Sam invited Alex to discuss not only Spacefiller, but also the broader world of generative art, and the concept of coding as a fun and playful activity. Together, they explore topics such as the distinction between computation as art and computation as software engineering, the nature of algorithmic botany, and even the wonders of graph paper.

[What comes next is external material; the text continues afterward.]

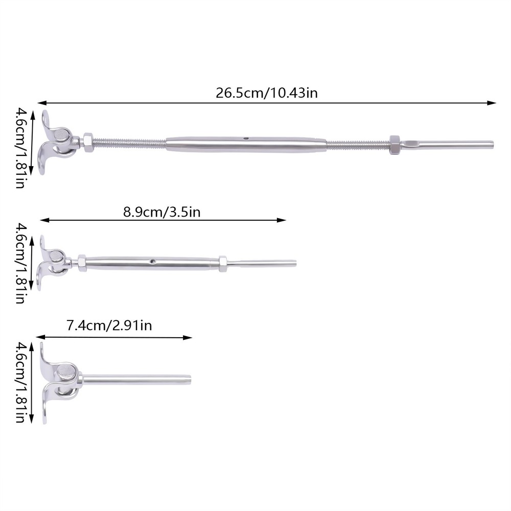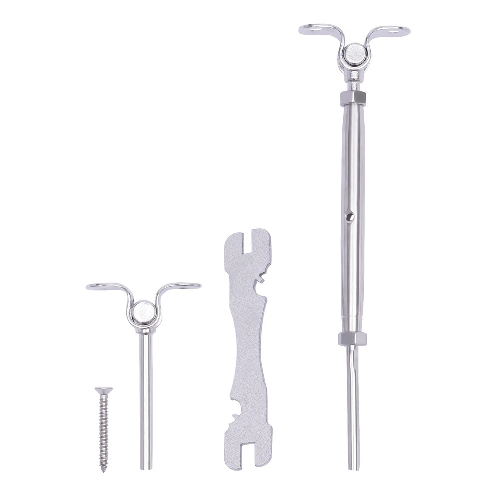 Description The Product Uses 316 Stainless Steel As Raw Material, Which Has Excellent Corrosion Resistance and Can Effectively Prolong Its Service Life. the Function of 180 Multi-angle Adjustment and Free Expansion and Contraction Makes It More Adaptable. and It Can Be Directly Installed by Screws, Which Is Easy to Use. It Will Be Your Powerful Railing Connector. Key Features High-quality Material: It Is Made of 316 Stainless Steel with Excellent Rust Prevention and Corrosion Resistance . It Is Very Suitable for Indoor and Outdoor Applications and Even Coastal Areas. Sufficient Quantity: the 16 Pairs of Cable Railing Kits Contained in the Package Can Provide More Options for Your Cable Installation, and You Can Replace the Damaged Accessories in Time. Multi-angle Adjustment: the Turnbuckle Can Rotate Between 0-180 Degrees, Which Is the Ideal Choice for Horizontal and Any Angle Railings. You Don't Have to Worry About the Angle of the Stairs. Easy to Install: the Cable Railing Kit Does Not Need Any Pre-drilling and Can Be Easily Installed by Tightening the Screws. Complete Accessories: the Cable Railing Kits Are Equipped with 16 Turnbuckles, 16 Terminals, 1 Multi-functional Wrench and a Large Number of Screws. You Can Install Them Directly Without Purchasing Additional Accessories. Adjustable Length: the Length of the Product Is Adjustable(3.5-10.43in), Which Can Better Match the Distance Between the End Posts. Easy to Clean: the Smooth Surface of the Product Is Easy to Clean. You Only Need to Wipe It Gently with a Rag to Clean It. Good Customer Service: Communication Is the Best Way to Solve Problems. If You Encounter Any Problem After Purchase, Please Contact Us in Time Before Opening or Unpacking the Box. We Will Do Our Best to Solve the Problem for You. Details Double-hole Design: the Double-hole Turnbuckle Base Can Be Fixed with Two Screws at the Same Time, Which Can Make It More Firmly Fixed on the Handrail. Round Edges: the Edges of the Product Have Been Polished Smoothly, Which Can Further Protect You from Accidental Scratches. Application The Cable Railing Kit Is Suitable for Outdoor and Indoor Cable Railing Systems, Such As Stairs and Staircase Cable Railing, Deck Railing and Garden Fence, Horizontal, Vertical and Straight Cable Guardrail. Specification Material: 316 Stainless Steel Color: Silver Process: Polishing Assembly Required: Yes Item Form: Rod Applicable Cable Size: 0.32cm/ 1/8 in Adjustable Angle: 0-180 ° Gross Weight: 1.95kg/ 4.3 Lbs Net Weight: 1.7kg/ 3.75 Lbs Plane Holding Puller: 7.4 * 4.6cm/2.91 * 1.81in Plane Holding Basket Bolt: 8.9 * 4.6cm/3.5 * 1.81in Plane Holding Basket Bolt (After Stretching): 26.5 * 4.6cm/10.43 * 1.81in Package Size: 25*15*10cm/ 9.84*5.91*3.94in Package Included 16* Turnbuckles 16* Terminals 1 * Multi-function Wrench All Accessories for Installation Notes The Maximum Span Between the Two End Posts Is 30 Feet. in Order to Comply with the Specification, It Is Recommended That the Spacing Between Posts Is 3-4 Feet and the Spacing Between Cables Is 3 Inches. Please Allow the Slight Color Difference Caused by the Shooting Light and the 1-3 Cm Error Due to Manual Measurement, and Make Sure You Do Not Mind Before Ordering. Payment Delivery details Terms of sales About us Contact us Payment We accept ebay payment 。 Fees such as import duties, taxes are not included in the item price or shipping costs. These charges are the buyer's responsibility. Delivery details Shipping: 2-9 working days to: USA Terms of sales We maintain high standards of excellence and strive for hundred percent customer satisfaction. Feedback is very important to us. We hope that you contact us immediately before you give neutral or negative feedback, so that we can address your concerns. It is impossible to address issues if we do not know about them! About us Your satis faction is our ultimate goal. We work hard to earn your trust and future business. Our certified technicians have tested each item before shipping. The unit comes with 1 year limited warranty on all manufacturing defects. a) If you receive a defective item, you may return it or ask for a discount. Please contact us within 14 days after you receive the package. b) What you returned must be intact and in its original packaging as re? u. Customer is responsible for shipping costs of the returned item. c) We will cover the cost of shipping back t with the shipping rate indicated in the registration page. We will send you a new unit or refund the full payment you paid. Thank you. Contact us Business Hour Business Hour: Monday To Friday: 8:30 AM to 5:00 PM (Beijing China time) Due to time zones, our reply to your questions may not be immediately. But within above working time, we will reply your email within 24 hours. If it's non-workdays, please kindly be patient and wait till Monday. Please contact us with ebay message. Please feel free to contact us if you have any questions. Monday To Friday: 8:30 AM to 5:00 PM (Beijing China time) Due to time zones, our reply to your questions may not be immediately. But within above working time, we will reply your email within 24 hours. If it's non-workdays, please kindly be patient and wait till Monday. Please contact us with ebay message. Please feel free to contact us if you have any questions.

🔊 Listen to “The Wonders of Graph Paper and Algorithmic Art”

Lux Recommends

  • Shaq Vayda enjoyed Dario Amodei’s recent longform essay on “Machines of Loving Grace: How AI Could Transform the World for the Better,” and particularly its section on biology. “But I think that pessimistic perspective is thinking about AI in the wrong way. If our core hypothesis about AI progress is correct, then the right way to think of AI is not as a method of data analysis, but as a virtual biologist who performs all the tasks biologists do, including designing and running experiments in the real world (by controlling lab robots or simply telling humans which experiments to run – as a Principal Investigator would to their graduate students), inventing new biological methods or measurement techniques, and so on. It is by speeding up the whole research process that AI can truly accelerate biology.”
  • Sam was intrigued by Claire L. Evans’s piece on “The Hidden Bird Algorithm” on how Craig Reynolds developed models for simulating and animating bird flocks for Hollywood. “Nobody in the visual effects business was crying out for a flocking algorithm. Nor was flocking some grand challenge in computer science. Reynolds just thought it might work, and it did. ‘My career path has been finding research questions that nobody cares about, and following them to where they led,’ he says, and laughs. But even Reynolds was surprised to discover where this question ultimately led. Because not long after his presentation at SIGGRAPH, he started getting calls—from biologists.”
  • Tess van Stekelenburg is excited about a new research paper titled “Intelligence at the Edge of Chaos,” which she described as “interesting early work looking at intelligence arising from the ability to predict complexity and whether creating intelligence may require only exposure to complexity.” From the abstract: “Our findings reveal that rules with higher complexity lead to models exhibiting greater intelligence, as demonstrated by their performance on reasoning and chess move prediction tasks. Both uniform and periodic systems, and often also highly chaotic systems, resulted in poorer downstream performance, highlighting a sweet spot of complexity conducive to intelligence. We conjecture that intelligence arises from the ability to predict complexity and that creating intelligence may require only exposure to complexity.”
  • Sam liked Gisela Salim-Peyer’s comment in The Atlantic on “Why Does Anyone Care About the Nobel Prize?.” “Establishing a prize is easy. The hard part is getting anyone to care. Alfred Nobel, a businessman who made his fortune selling dynamite and explosives in the 19th century, was not an obvious candidate to become the namesake of the most prestigious distinction in the world. Nor were Swedish scientists, as opposed to French or British, clearly the ones who should award it. Some biographers link Nobel’s idea to establish a prize for sciences, culture, and peace to the moment he learned that a newspaper had prepared an obituary for him with the phrase ‘merchant of death’ in the headline. That’s not how he wanted history to remember him.”
  • Finally, Laurence Pevsner highlights a recent piece in The New York Times on “The Secretive Dynasty That Controls the Boar’s Head Brand.” “By the 1990s, Mr. Brunckhorst started taking on bigger roles, too. Trained as a computer scientist at Carnegie Mellon, he took charge of the company’s financials — digitizing them and creating spreadsheets for cost projections. As the Boar’s Head name became better known, Mr. Martin’s sales push became more aggressive. If stores wanted to offer high-end cold cuts from competitors like Thumann’s or Dietz & Watson behind the deli counter, they could no longer carry Boar’s Head.”